Saved entries
──────────────────────────────
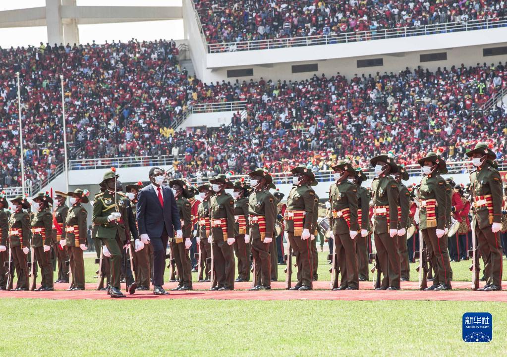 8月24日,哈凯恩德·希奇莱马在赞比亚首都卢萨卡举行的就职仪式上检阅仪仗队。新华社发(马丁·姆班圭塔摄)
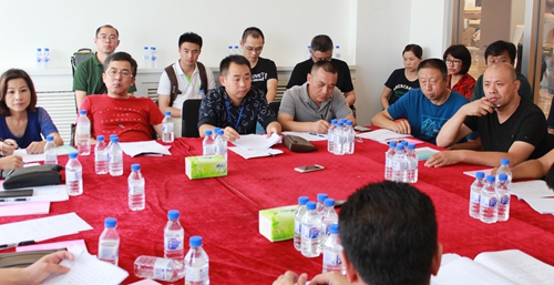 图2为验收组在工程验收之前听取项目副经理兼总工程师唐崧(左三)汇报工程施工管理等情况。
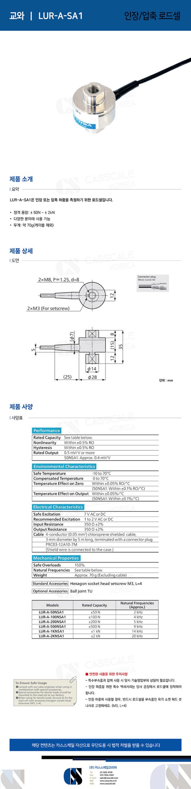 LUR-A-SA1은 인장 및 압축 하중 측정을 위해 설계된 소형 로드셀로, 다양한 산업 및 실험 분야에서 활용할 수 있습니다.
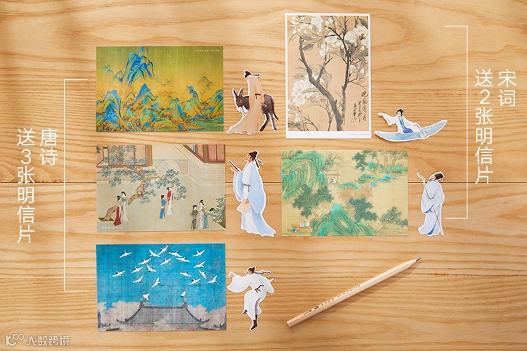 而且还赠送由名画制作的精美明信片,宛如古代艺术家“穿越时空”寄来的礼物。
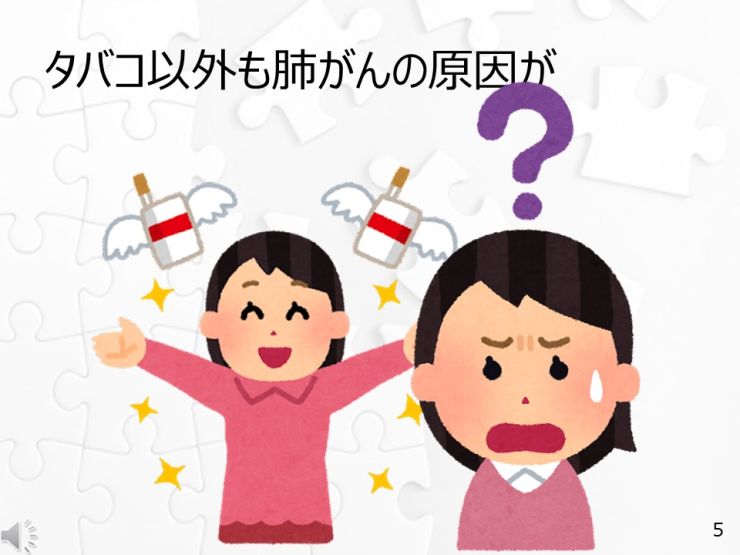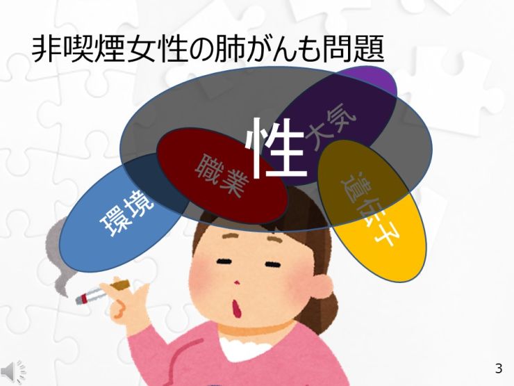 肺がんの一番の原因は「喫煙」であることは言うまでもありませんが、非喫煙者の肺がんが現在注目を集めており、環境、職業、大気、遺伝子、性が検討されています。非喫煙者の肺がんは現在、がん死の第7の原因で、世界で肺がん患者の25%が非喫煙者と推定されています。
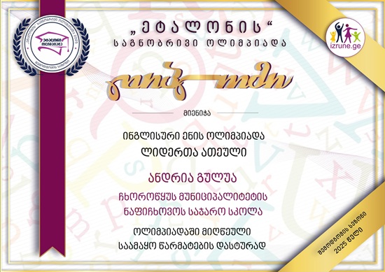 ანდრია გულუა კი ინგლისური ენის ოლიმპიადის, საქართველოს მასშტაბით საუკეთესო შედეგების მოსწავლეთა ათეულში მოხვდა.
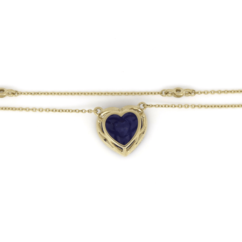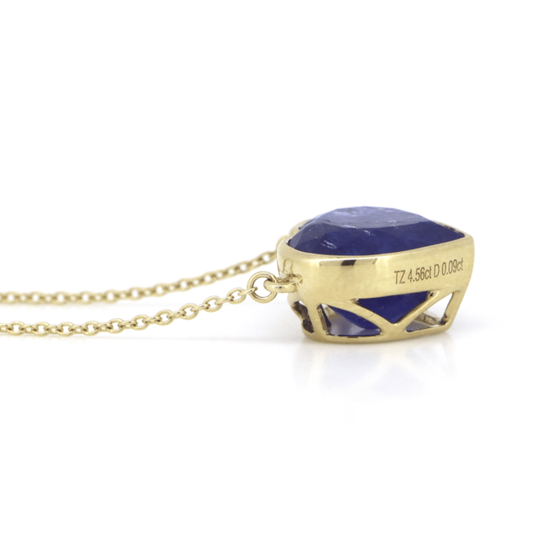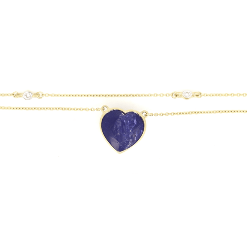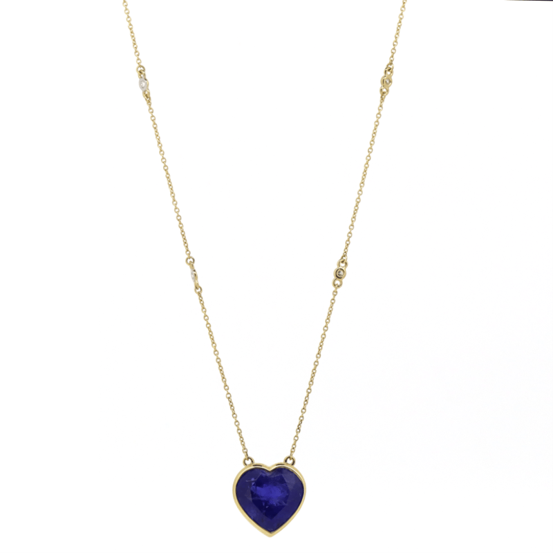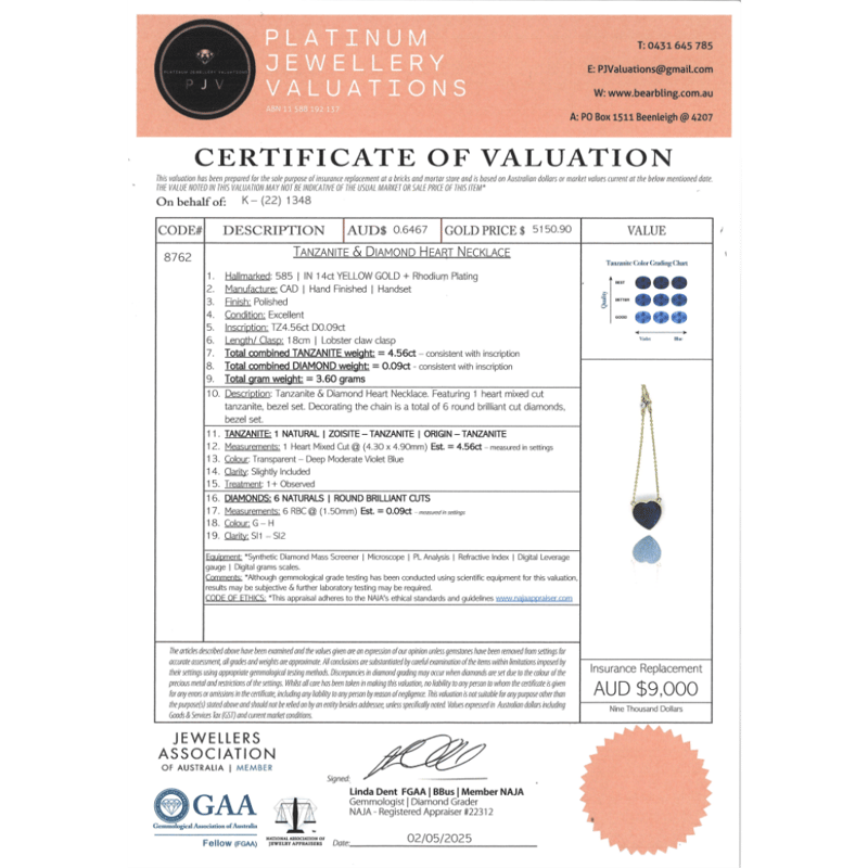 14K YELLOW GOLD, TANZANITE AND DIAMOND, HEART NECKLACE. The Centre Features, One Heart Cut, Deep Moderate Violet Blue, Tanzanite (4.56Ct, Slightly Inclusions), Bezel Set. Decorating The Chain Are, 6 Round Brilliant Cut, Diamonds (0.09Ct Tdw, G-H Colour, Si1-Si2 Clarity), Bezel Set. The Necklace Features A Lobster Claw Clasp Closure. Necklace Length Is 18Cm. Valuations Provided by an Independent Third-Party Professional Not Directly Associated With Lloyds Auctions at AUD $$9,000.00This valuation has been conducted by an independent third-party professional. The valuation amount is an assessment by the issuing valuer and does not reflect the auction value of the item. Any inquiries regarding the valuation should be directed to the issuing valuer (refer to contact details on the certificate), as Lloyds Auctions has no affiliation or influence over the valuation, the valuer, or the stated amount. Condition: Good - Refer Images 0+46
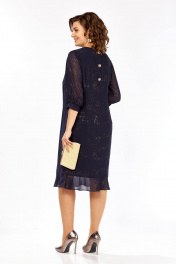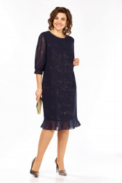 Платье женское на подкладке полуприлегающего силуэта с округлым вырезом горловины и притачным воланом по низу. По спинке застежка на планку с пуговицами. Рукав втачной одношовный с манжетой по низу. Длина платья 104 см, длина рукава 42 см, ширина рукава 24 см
──────────────────────────────
Task goal>
Each record above goes into the copy word for word; the pictures do not.

Written reply>
 8月24日,哈凯恩德·希奇莱马在赞比亚首都卢萨卡举行的就职仪式上检阅仪仗队。新华社发(马丁·姆班圭塔摄)
 图2为验收组在工程验收之前听取项目副经理兼总工程师唐崧(左三)汇报工程施工管理等情况。
 LUR-A-SA1은 인장 및 압축 하중 측정을 위해 설계된 소형 로드셀로, 다양한 산업 및 실험 분야에서 활용할 수 있습니다.
 而且还赠送由名画制作的精美明信片,宛如古代艺术家“穿越时空”寄来的礼物。
 肺がんの一番の原因は「喫煙」であることは言うまでもありませんが、非喫煙者の肺がんが現在注目を集めており、環境、職業、大気、遺伝子、性が検討されています。非喫煙者の肺がんは現在、がん死の第7の原因で、世界で肺がん患者の25%が非喫煙者と推定されています。
 ანდრია გულუა კი ინგლისური ენის ოლიმპიადის, საქართველოს მასშტაბით საუკეთესო შედეგების მოსწავლეთა ათეულში მოხვდა.
 14K YELLOW GOLD, TANZANITE AND DIAMOND, HEART NECKLACE. The Centre Features, One Heart Cut, Deep Moderate Violet Blue, Tanzanite (4.56Ct, Slightly Inclusions), Bezel Set. Decorating The Chain Are, 6 Round Brilliant Cut, Diamonds (0.09Ct Tdw, G-H Colour, Si1-Si2 Clarity), Bezel Set. The Necklace Features A Lobster Claw Clasp Closure. Necklace Length Is 18Cm. Valuations Provided by an Independent Third-Party Professional Not Directly Associated With Lloyds Auctions at AUD $$9,000.00This valuation has been conducted by an independent third-party professional. The valuation amount is an assessment by the issuing valuer and does not reflect the auction value of the item. Any inquiries regarding the valuation should be directed to the issuing valuer (refer to contact details on the certificate), as Lloyds Auctions has no affiliation or influence over the valuation, the valuer, or the stated amount. Condition: Good - Refer Images 0+46
 Платье женское на подкладке полуприлегающего силуэта с округлым вырезом горловины и притачным воланом по низу. По спинке застежка на планку с пуговицами. Рукав втачной одношовный с манжетой по низу. Длина платья 104 см, длина рукава 42 см, ширина рукава 24 см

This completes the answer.